Source records
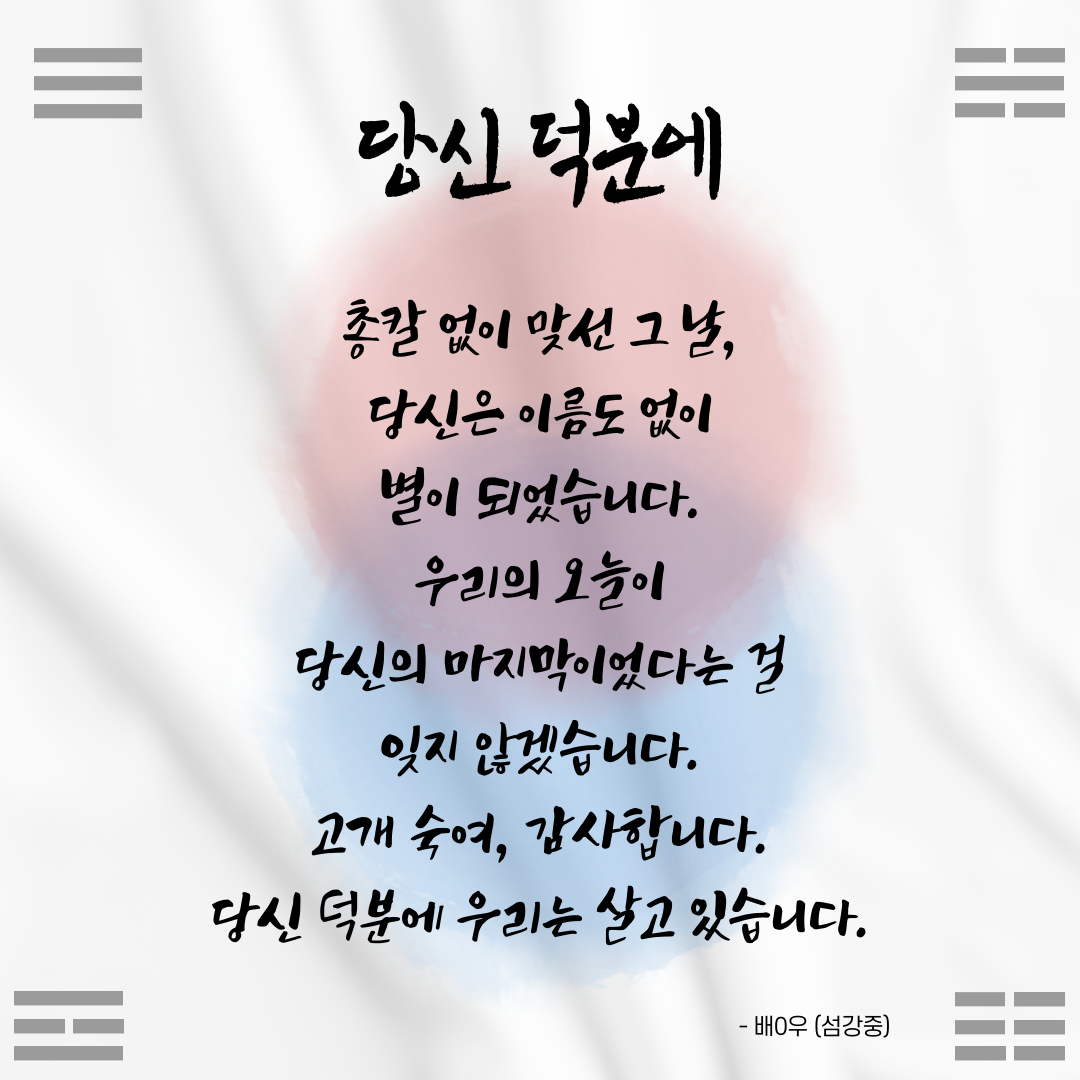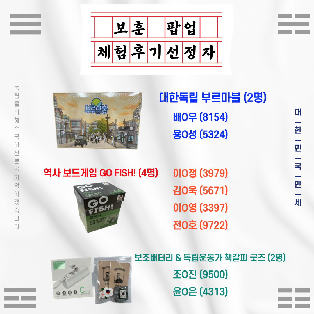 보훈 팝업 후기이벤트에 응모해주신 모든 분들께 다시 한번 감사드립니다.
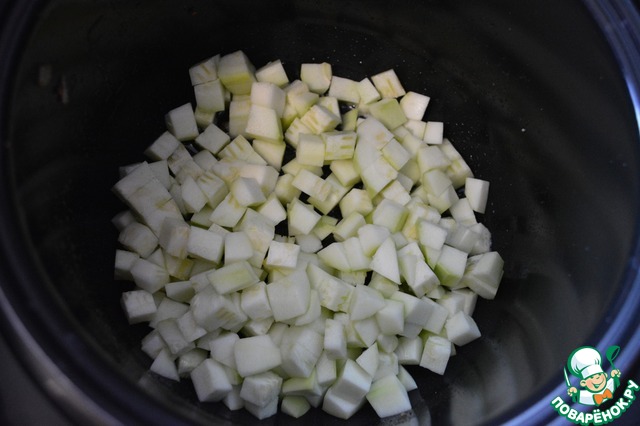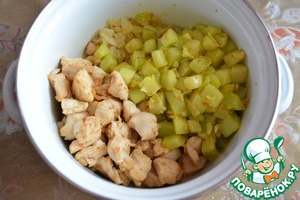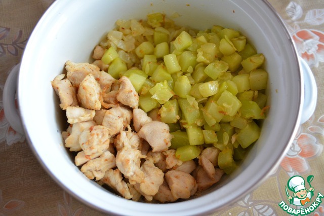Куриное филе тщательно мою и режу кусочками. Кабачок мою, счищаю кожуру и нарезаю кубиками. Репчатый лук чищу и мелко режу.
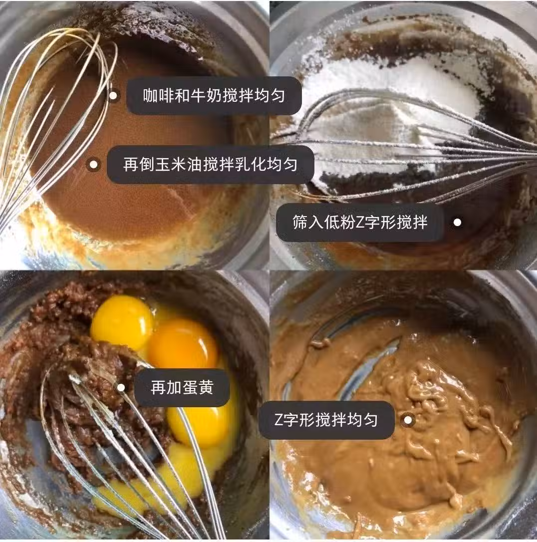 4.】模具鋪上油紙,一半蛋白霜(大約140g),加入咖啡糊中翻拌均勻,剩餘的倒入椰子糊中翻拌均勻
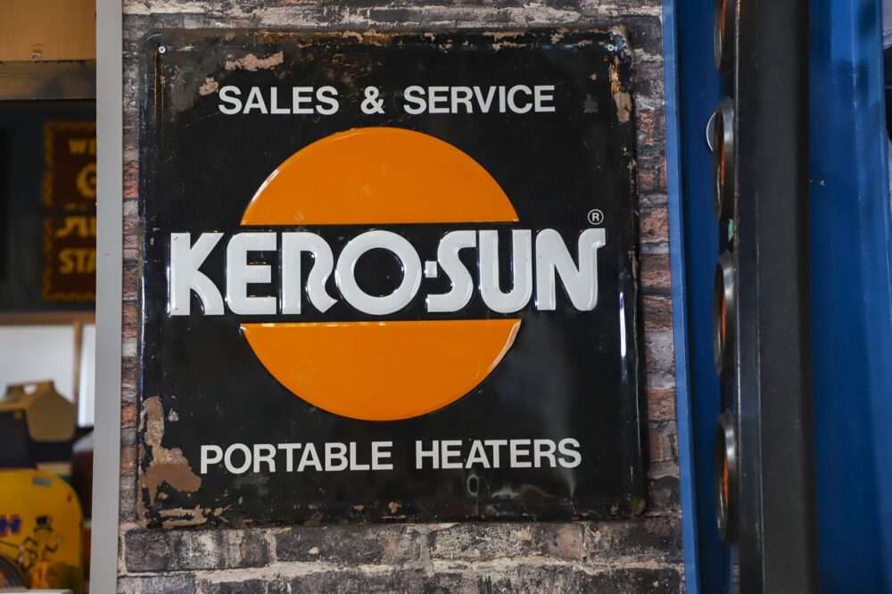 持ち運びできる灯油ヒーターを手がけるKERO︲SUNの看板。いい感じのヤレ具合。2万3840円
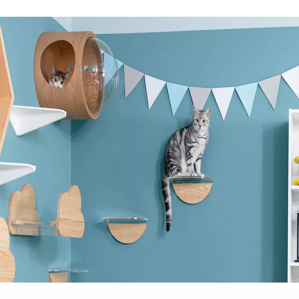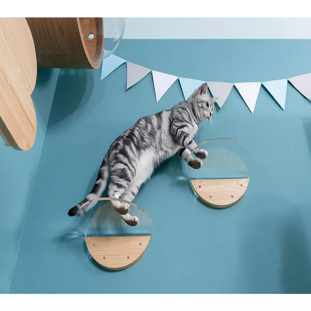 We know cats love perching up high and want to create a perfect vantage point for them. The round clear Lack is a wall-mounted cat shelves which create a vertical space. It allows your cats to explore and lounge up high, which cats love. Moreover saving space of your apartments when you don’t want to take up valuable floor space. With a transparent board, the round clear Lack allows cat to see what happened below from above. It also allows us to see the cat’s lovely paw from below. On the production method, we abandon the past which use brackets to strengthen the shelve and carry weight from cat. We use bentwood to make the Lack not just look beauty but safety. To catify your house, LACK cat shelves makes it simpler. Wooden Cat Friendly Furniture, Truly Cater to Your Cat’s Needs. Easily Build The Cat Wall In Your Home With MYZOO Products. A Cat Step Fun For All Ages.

Activity
Word for word, write out the lines above running from the one with "4.】模具鋪上油紙,一半蛋白" up to and including the one with "持ち運びできる灯油ヒーターを". Drop any picture.

Expected output
 4.】模具鋪上油紙,一半蛋白霜(大約140g),加入咖啡糊中翻拌均勻,剩餘的倒入椰子糊中翻拌均勻
 持ち運びできる灯油ヒーターを手がけるKERO︲SUNの看板。いい感じのヤレ具合。2万3840円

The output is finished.